# PROBLEM
Copy nothing but the lines from the opening of the entries through the line that contains "5G已經片區使用,很多小伙伴", exactly as written. Drop the pictures.

# Data extracted from a collection
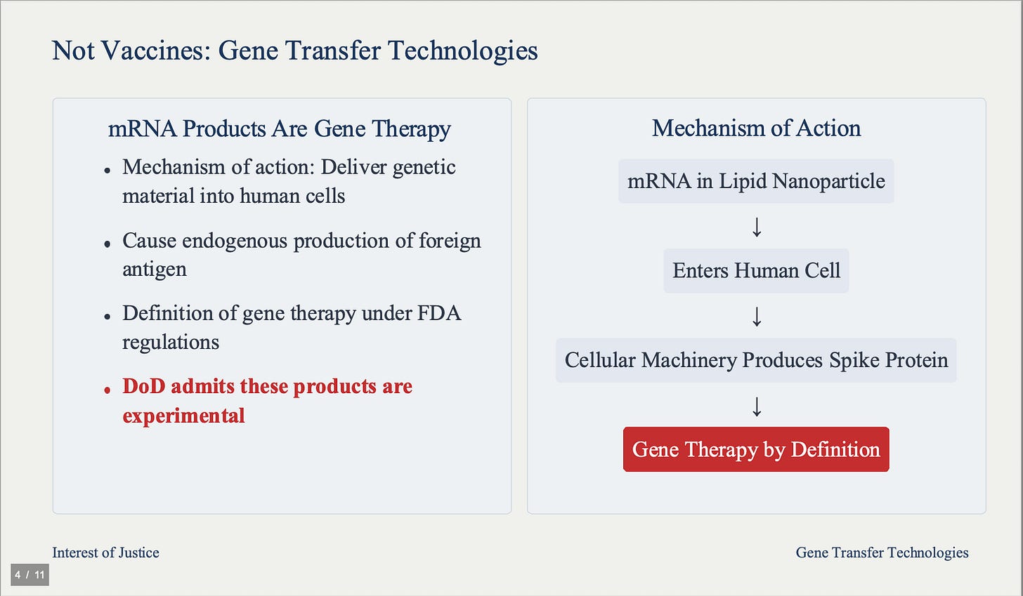 These products are not conventional vaccines, but gene transfer technologies. Their mechanism delivers genetic material into human cells, causing endogenous production of foreign antigens. This is the definition of gene therapy under FDA's own regulations which carries an unreasonable risk in healthy people according to FDA guidance. The Department of Defense has admitted these products are experimental.
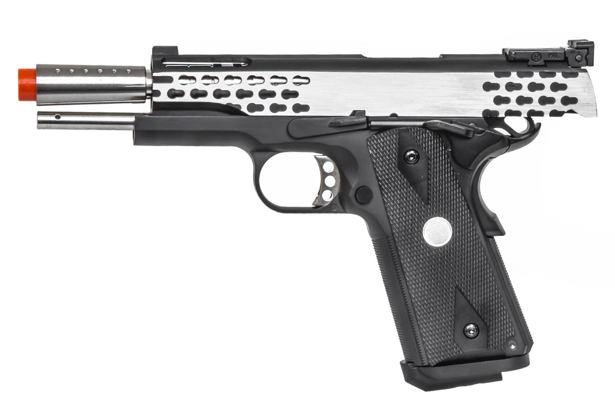 The Army Armament Full Metal R30-2Y 1911 Gas Blowback Airsoft Pistol comes with a silver slide that has unique KeyMod style slide serrations and ports. The lightening ported slide exposes the silver V12 outer barrel for everyone to admire. Set the safety with either hand due to its ambidextrous safety switch. Altogether, the R30 1911 is a unique airsoft that you can bring along with you for your next match up.
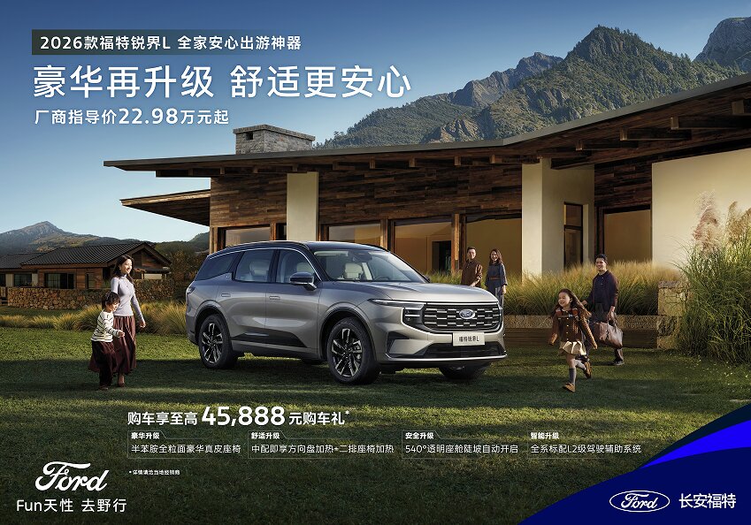 一直以来,福特锐界L不断倾听用户真实用车需求,致力于为中国家庭提供更舒适的驾乘体验。此次2026款福特锐界L上市焕新,带来了豪华、舒适、安全和智能四大升级,主力车型,加配不加价。
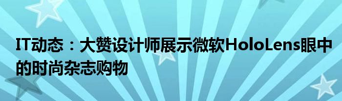5G已經片區使用,很多小伙伴對通信這塊還不熟系!越來越多的人開始對IT、5G信息方面產生興趣,近來大贊設計師展示微軟HoloLens眼中的時尚雜志購物的話題也是引起了很多人的關注,那么既然現在大家都想要知道大贊設計師展示微軟HoloLens眼中的時尚雜志購物,小編今天就來給大家針對大贊設計師展示微軟HoloLens眼中的時尚雜志購物做個詳細介紹。
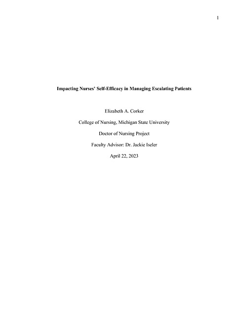 Objective: Violence in healthcare is an ongoing challenge nurses face across the continuum of care. Education on de-escalation techniques and safe disengagement techniques were shown to improve nurses' confidence and ability to de-escalate stressful situations. The purpose of this evidence- based practice project was to determine the impact of an educational session on nurses' self-efficacy in managing escalating patients. Methods: This project utilized a survey of nurses' perceptions of self-efficacy before and after an educational session. Nurses on medical-surgical and telemetry units were invited to participate in the educational session and survey. Demographic information was collected including age, role, education, experience with de-escalation training, and experience with incidences of workplace violence. Results: Thirty-five nurses were surveyed for self-efficacy before and after the educational session, and pre- and post-test values were compared, with a statistically significant improvement in self-efficacy after the intervention. Conclusions: The results of this project indicated that education and training was effective in improving self-efficacy of nursing staff. The education that was effective included recognizing worsening or escalating behavior, appropriate interventions to reduce escalation, as well as how to manage violent behavior safely and effectively through disengagement techniques. Together these provided the knowledge and skills to empower nurses to address these stressful situations and give them the tools to prevent patients from becoming violent.
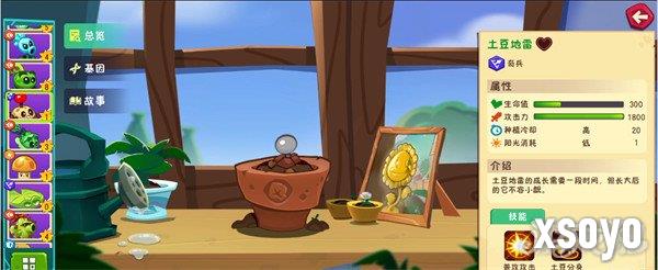 攻击力达到了1800的奇兵。将它种下去之后,需要等待一段时间成长,成型后才会出现在地面,与僵尸接触后会立刻自爆,对1格内全部敌方造成50%伤害。拥有技能“土豆分身”,它的技能使用后会随机在场上生成2个土豆地雷。虽然是一次性的,但是杀伤力十足。
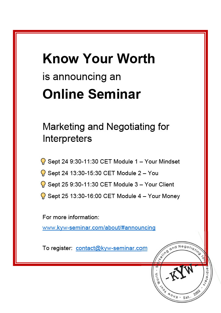 With an eye to giving you new tools to understand how to manage your business, we are offering the Know Your Worth Online Seminar on Marketing and Negotiating for Interpreters.
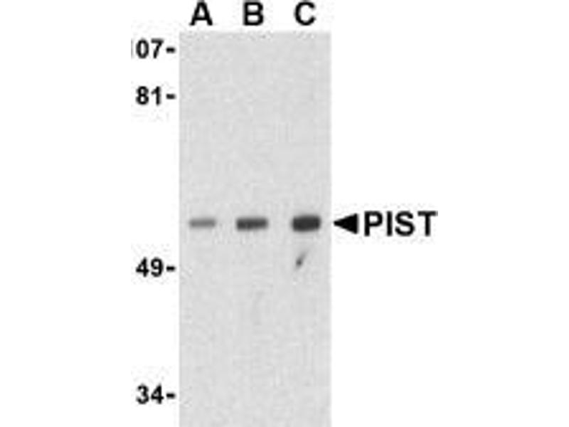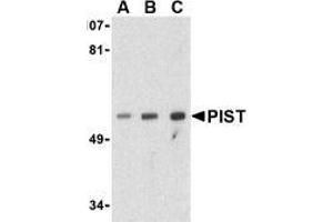 ELISA. Western Blot: PIST antibody can be used for the detection ob PIST at 1-2 μg/mL. Positive Control: PC-3 Cell Lysate. Immunohistochemistry on paraffin sections. Positive Control: Rat Colon Cell Lysate.
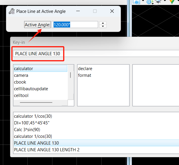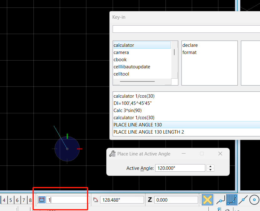 1.输入key-in:Place Line Angle 120 调出Place Line At Active Angle工具:
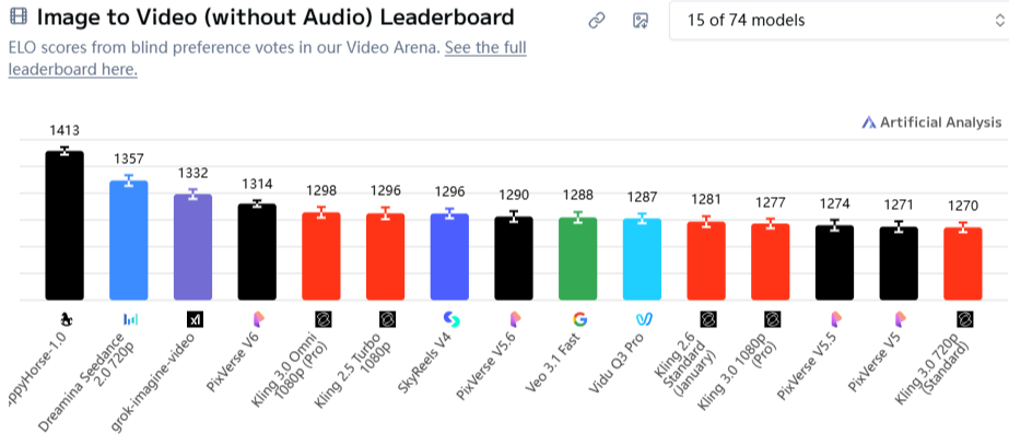 尤其是文本生成视频(不含音频)赛说念,HappyHorse得分1383,比排行第二的Seedance高出110分;图片生成视频(不含音频)赛说念,HappyHorse得分高达1413分,刷新该榜单记录。
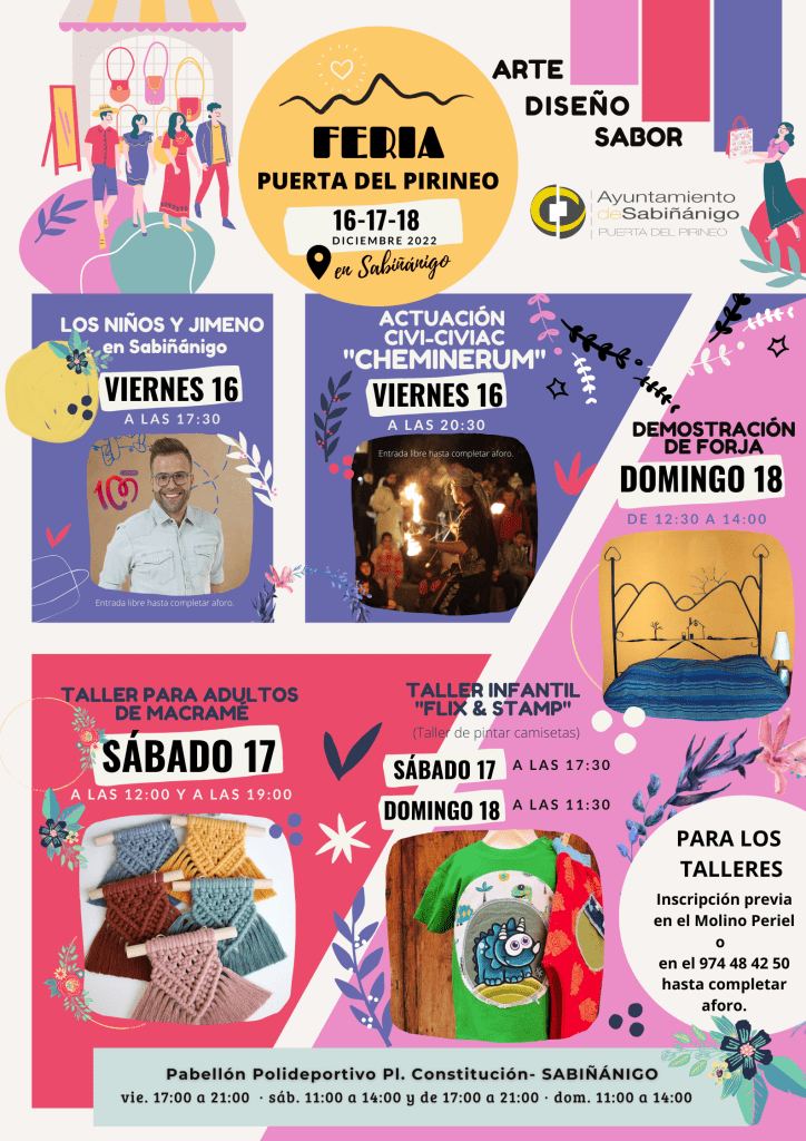 También, habrá talleres de macramé (para adultos) el sábado por la mañana y la tarde; otro de estampación de camisetas Flix&Stamp (para niños), el sábado, a las 17:30 horas y el domingo a las 11:30 horas y una demostración de forja, el domingo de 12:30 a 14:00 horas, a cargo de Forja Rulo, un artesano del hierro de Ibort.
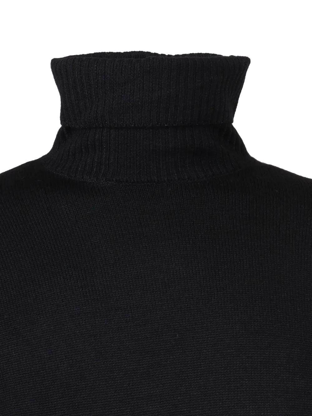 черная водолазка с длинными рукавами, мелкой вязкой, рубчатой отделкой и прямым подолом
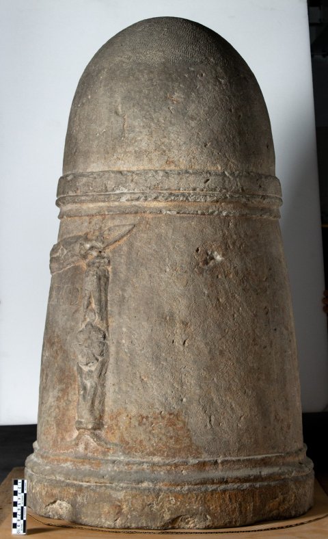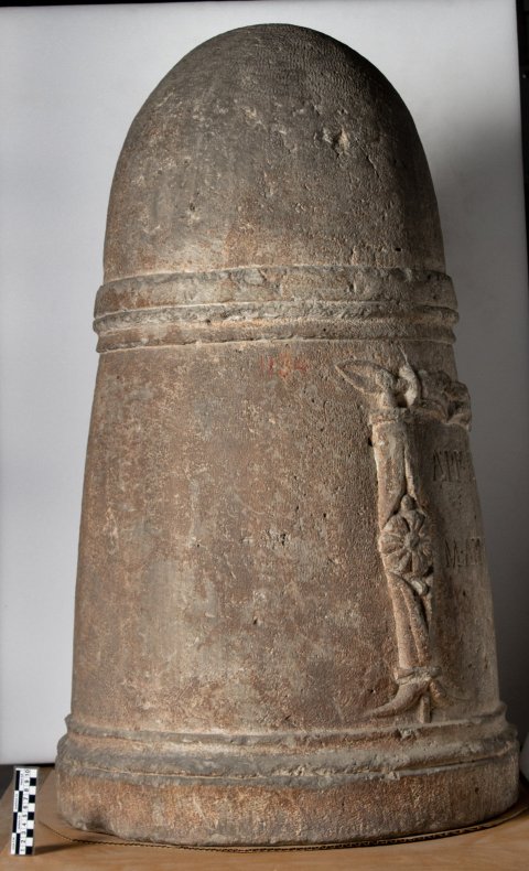 - Konischer, oben halbkugeliger Stein, oberhalb des Schriftfeldes und am unteren Rand einfaches Profil. Inschrift an drei Seiten von Girlande gerahmt.
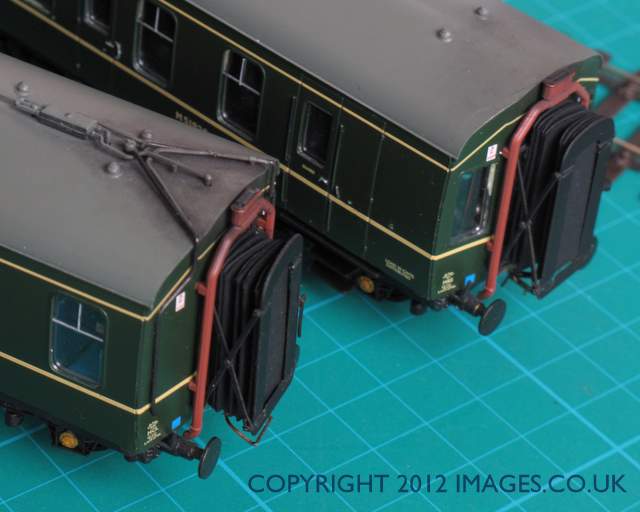 As I’d found a couple of Slaters scissors corridor connection kits in my pile of ‘to do’ stuff I thought I’d use them for the Derby lightweight. (These were items I’d bought in the 80’s for use on a Lima 117 DMU makeover, but never got round to using). A wonderful plan apart from once I’d removed the endplates from the etches, the endplates and scissors as seen above, were too wide to fit between the Derby’s exhausts. So I now had two DMU’s that wouldn’t work for me, the Derby still had too wide a gap between the corridor ends, and the 108 that whilst close coupled still niggled as not being quite right, there being a visible gap between corridor ends.

# EXERCISE SOLUTION
 These products are not conventional vaccines, but gene transfer technologies. Their mechanism delivers genetic material into human cells, causing endogenous production of foreign antigens. This is the definition of gene therapy under FDA's own regulations which carries an unreasonable risk in healthy people according to FDA guidance. The Department of Defense has admitted these products are experimental.
 The Army Armament Full Metal R30-2Y 1911 Gas Blowback Airsoft Pistol comes with a silver slide that has unique KeyMod style slide serrations and ports. The lightening ported slide exposes the silver V12 outer barrel for everyone to admire. Set the safety with either hand due to its ambidextrous safety switch. Altogether, the R30 1911 is a unique airsoft that you can bring along with you for your next match up.
 一直以来,福特锐界L不断倾听用户真实用车需求,致力于为中国家庭提供更舒适的驾乘体验。此次2026款福特锐界L上市焕新,带来了豪华、舒适、安全和智能四大升级,主力车型,加配不加价。
5G已經片區使用,很多小伙伴對通信這塊還不熟系!越來越多的人開始對IT、5G信息方面產生興趣,近來大贊設計師展示微軟HoloLens眼中的時尚雜志購物的話題也是引起了很多人的關注,那么既然現在大家都想要知道大贊設計師展示微軟HoloLens眼中的時尚雜志購物,小編今天就來給大家針對大贊設計師展示微軟HoloLens眼中的時尚雜志購物做個詳細介紹。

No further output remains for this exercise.